2023-06-20T23:22:14,782 [INFO ] W-9000-auto_categorization_0.1-stdout MODEL_LOG - Python runtime: 3.9.16
2023-06-20T23:22:14,783 [INFO ] W-9000-auto_categorization_0.1-stdout MODEL_LOG - Connection accepted: /home/model-server/tmp/.ts.sock.9000.
msaroufim commented 1 year ago

It's usually either a

  1. model failure: does anything interesting show up in your logs/model_log.log?
  2. config problem: what does your config.properties look like
  3. Resource constraint problem: Did you give docker enough CPU and RAM?
sreeprasannar commented 1 year ago

interesting thing is I do see this in ts_log.log at the same times where model_log.log workers get unloaded:

2023-06-20T23:22:14,783 [DEBUG] W-9000-auto_categorization_0.1 org.pytorch.serve.wlm.WorkerThread - Backend worker monitoring thread interrupted or backend worker process died.
java.lang.InterruptedException: DefaultChannelPromise@7698e29a(failure: io.netty.channel.StacklessClosedChannelException)
    at io.netty.util.concurrent.DefaultPromise.await(DefaultPromise.java:243) ~[model-server.jar:?]
    at io.netty.channel.DefaultChannelPromise.await(DefaultChannelPromise.java:131) ~[model-server.jar:?]
    at io.netty.channel.DefaultChannelPromise.await(DefaultChannelPromise.java:30) ~[model-server.jar:?]
    at io.netty.util.concurrent.DefaultPromise.sync(DefaultPromise.java:403) ~[model-server.jar:?]
    at io.netty.channel.DefaultChannelPromise.sync(DefaultChannelPromise.java:119) ~[model-server.jar:?]
    at io.netty.channel.DefaultChannelPromise.sync(DefaultChannelPromise.java:30) ~[model-server.jar:?]
    at org.pytorch.serve.wlm.WorkerThread.run(WorkerThread.java:201) [model-server.jar:?]
    at java.util.concurrent.ThreadPoolExecutor.runWorker(ThreadPoolExecutor.java:1136) [?:?]
    at java.util.concurrent.ThreadPoolExecutor$Worker.run(ThreadPoolExecutor.java:635) [?:?]
    at java.lang.Thread.run(Thread.java:833) [?:?]
2023-06-20T23:22:14,783 [DEBUG] W-9000-auto_categorization_0.1 org.pytorch.serve.wlm.WorkerThread - Backend worker monitoring thread interrupted or backend worker process died.
java.lang.InterruptedException: DefaultChannelPromise@7698e29a(failure: io.netty.channel.StacklessClosedChannelException)
    at io.netty.util.concurrent.DefaultPromise.await(DefaultPromise.java:243) ~[model-server.jar:?]
    at io.netty.channel.DefaultChannelPromise.await(DefaultChannelPromise.java:131) ~[model-server.jar:?]
    at io.netty.channel.DefaultChannelPromise.await(DefaultChannelPromise.java:30) ~[model-server.jar:?]
    at io.netty.util.concurrent.DefaultPromise.sync(DefaultPromise.java:403) ~[model-server.jar:?]
    at io.netty.channel.DefaultChannelPromise.sync(DefaultChannelPromise.java:119) ~[model-server.jar:?]
    at io.netty.channel.DefaultChannelPromise.sync(DefaultChannelPromise.java:30) ~[model-server.jar:?]
    at org.pytorch.serve.wlm.WorkerThread.run(WorkerThread.java:201) [model-server.jar:?]
    at java.util.concurrent.ThreadPoolExecutor.runWorker(ThreadPoolExecutor.java:1136) [?:?]
    at java.util.concurrent.ThreadPoolExecutor$Worker.run(ThreadPoolExecutor.java:635) [?:?]
    at java.lang.Thread.run(Thread.java:833) [?:?]
sreeprasannar commented 1 year ago

It seems related to https://github.com/pytorch/serve/issues/2357

sreeprasannar commented 1 year ago

TS uses a back_off to schedule worker recovery.

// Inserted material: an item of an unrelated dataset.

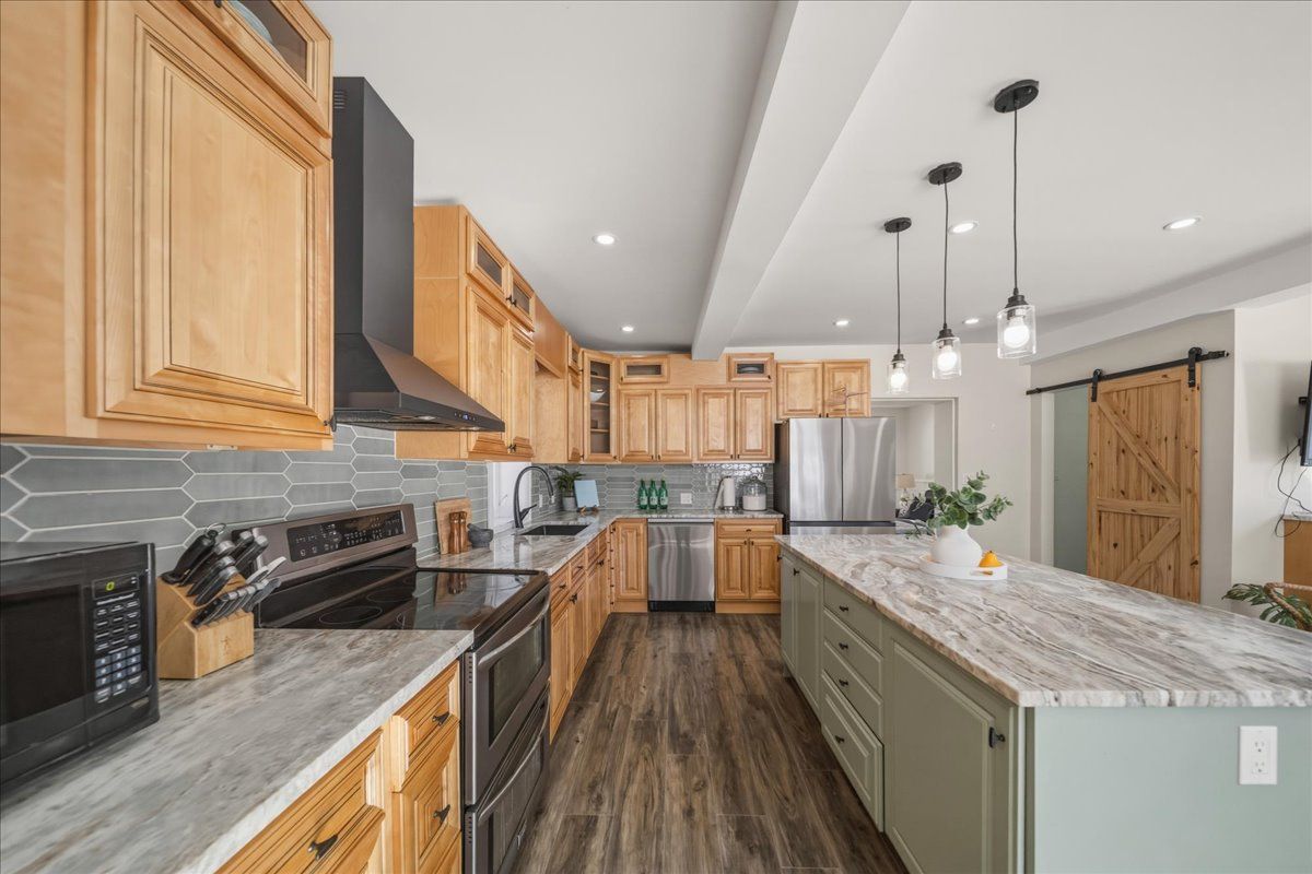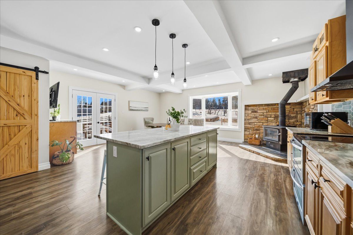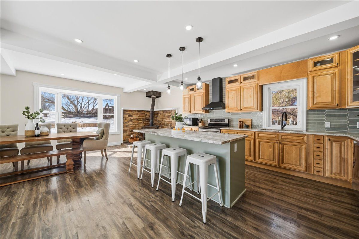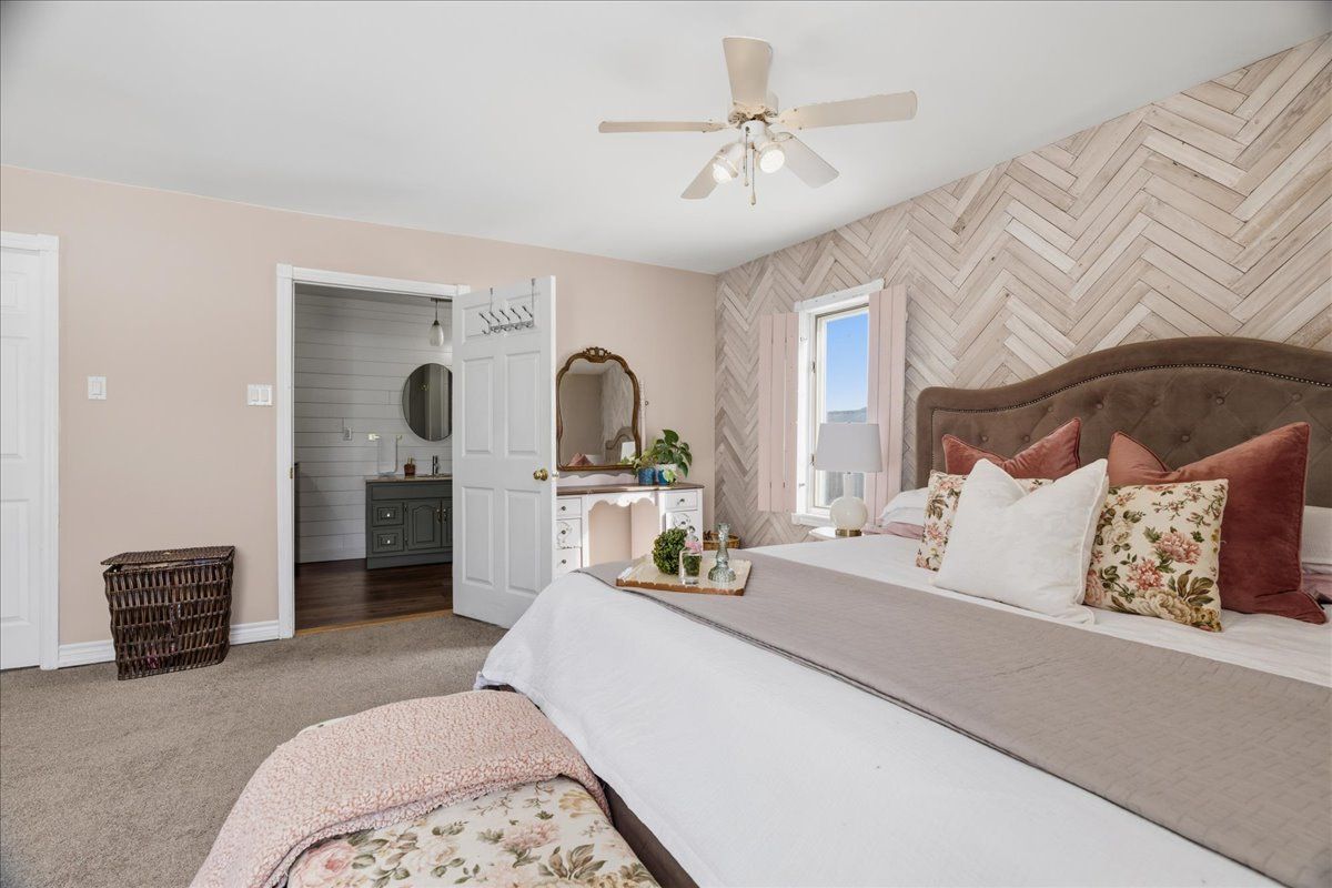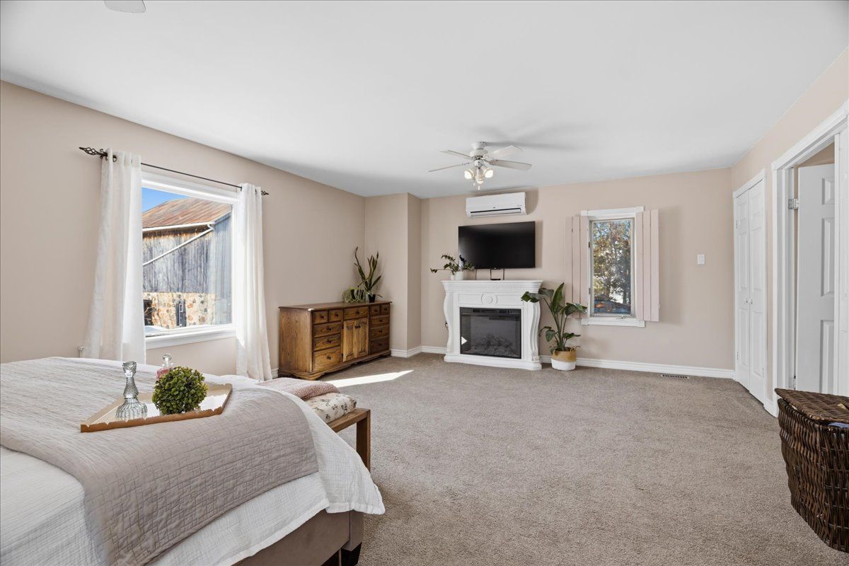 Welcome to this beautifully updated two-story brick home in the charming community of Holstein, where small-town living meets modern comfort. The main level offers a bright, open-concept kitchen and dining area filled with natural light, a convenient main-floor bathroom, and a versatile room that works perfectly as a home office or additional bedroom. Upstairs, you'll find a spacious primary bedroom complete with a walk-in closet and a private ensuite that includes a washer and dryer. Three additional cozy bedrooms and a second bathroom with a stand-up shower complete the upper level, offering plenty of space for family or guests. Year-round comfort is provided by an energy-efficient heat pump system installed in September 2025, while a wood stove adds warmth and cozy character on those really cold winter mornings. Step outside and enjoy a backyard that gardeners will love, featuring a patio and raised garden beds ready for the growing season. The detached shop is a standout feature, offering excellent space for hobbyists, tradespeople, or additional storage. With its functional layout, classic brick character, and thoughtful updates, this move-in-ready home offers a wonderful opportunity to enjoy the slower pace of small-town living. It's the kind of place where neighbours wave, mornings start a little slower, and there's still room to breathe. Schedule your private viewing today!

You can see the recovery schedule in the log. When a worker die, TS is trying to recover a backend worker immediately in the first 5 rounds. The worker will try to load the model into memory immediately. That's why the memory seems not to be released. So it seems to wait for 2 minutes for the worker to start and then decides it's unresponsive and kills it. Happens again and again is my guess..

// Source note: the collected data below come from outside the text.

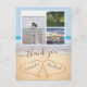 Beach Wedding Thank You Postcard. Featuring a 3 Photo collage, Two hearts in the sand, teal blue background
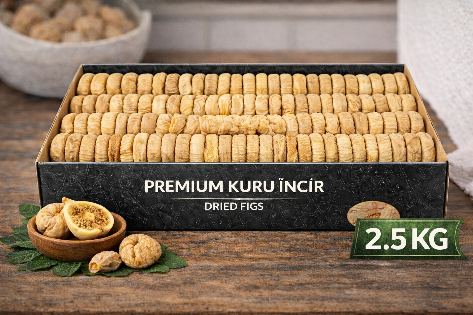 Dalında doğal olarak kurumuş, Sıralı Dizilmiş sarı ballı aromaya sahip, katkı ve koruyucu içermeyen premium kuru incir.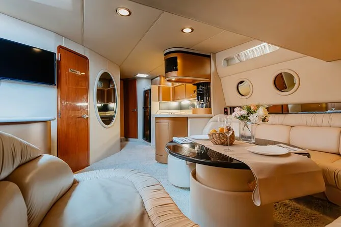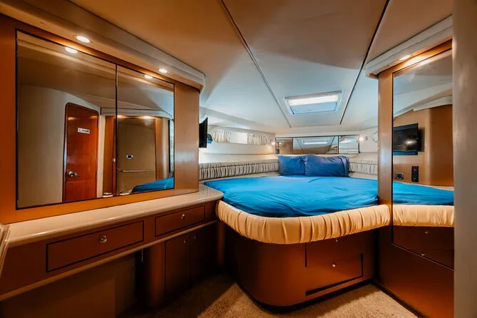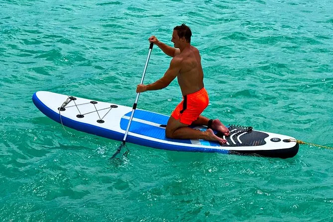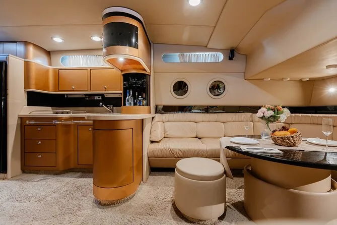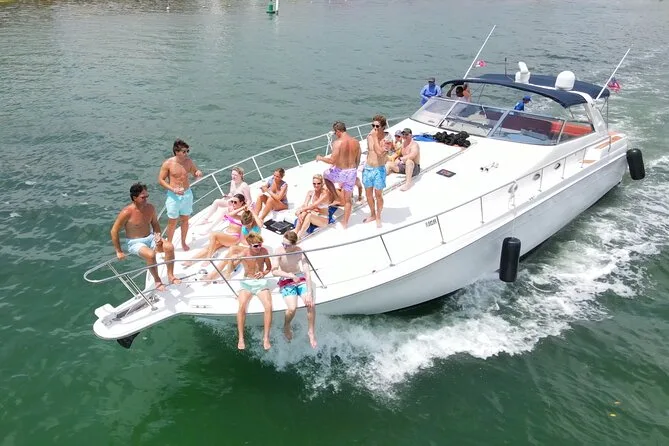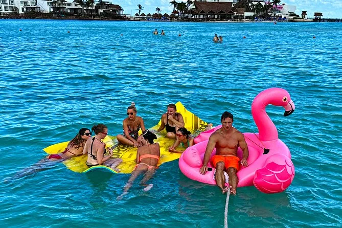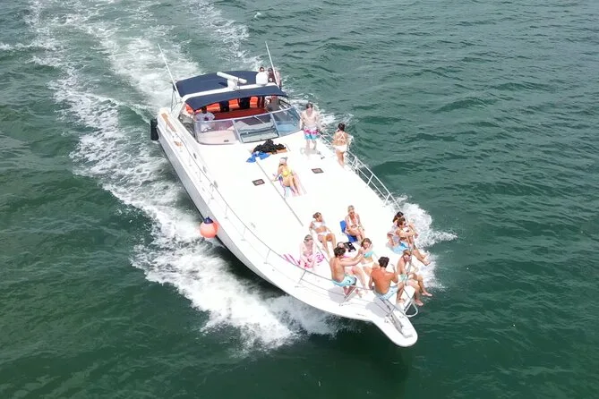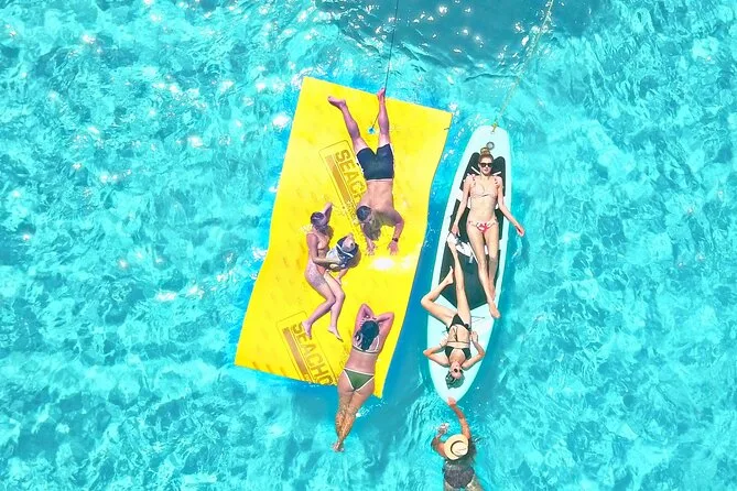 Your day includes rental of a spacious 55ft luxury yacht with licensed captain and two crew members, use of snorkeling gear and paddle board, three bags of ice plus plenty of bottled water and sodas for everyone onboard—and yes, you can bring your own snacks or drinks too (just skip red wine). Floating mats are available for relaxing right on the water before heading back to port whenever you’re ready.

  • I believe my inference code indeed has a slow startup time so I could try optimizing that.
  • I could also increase the timeout? Currently it might be about 120 seconds, maybe I could increase that
sreeprasannar commented 1 year ago

The main issue is that I have install_py_dep_per_model=True because I have requirements that need to be installed for the model. That seems to be the main reason for the slow startup time.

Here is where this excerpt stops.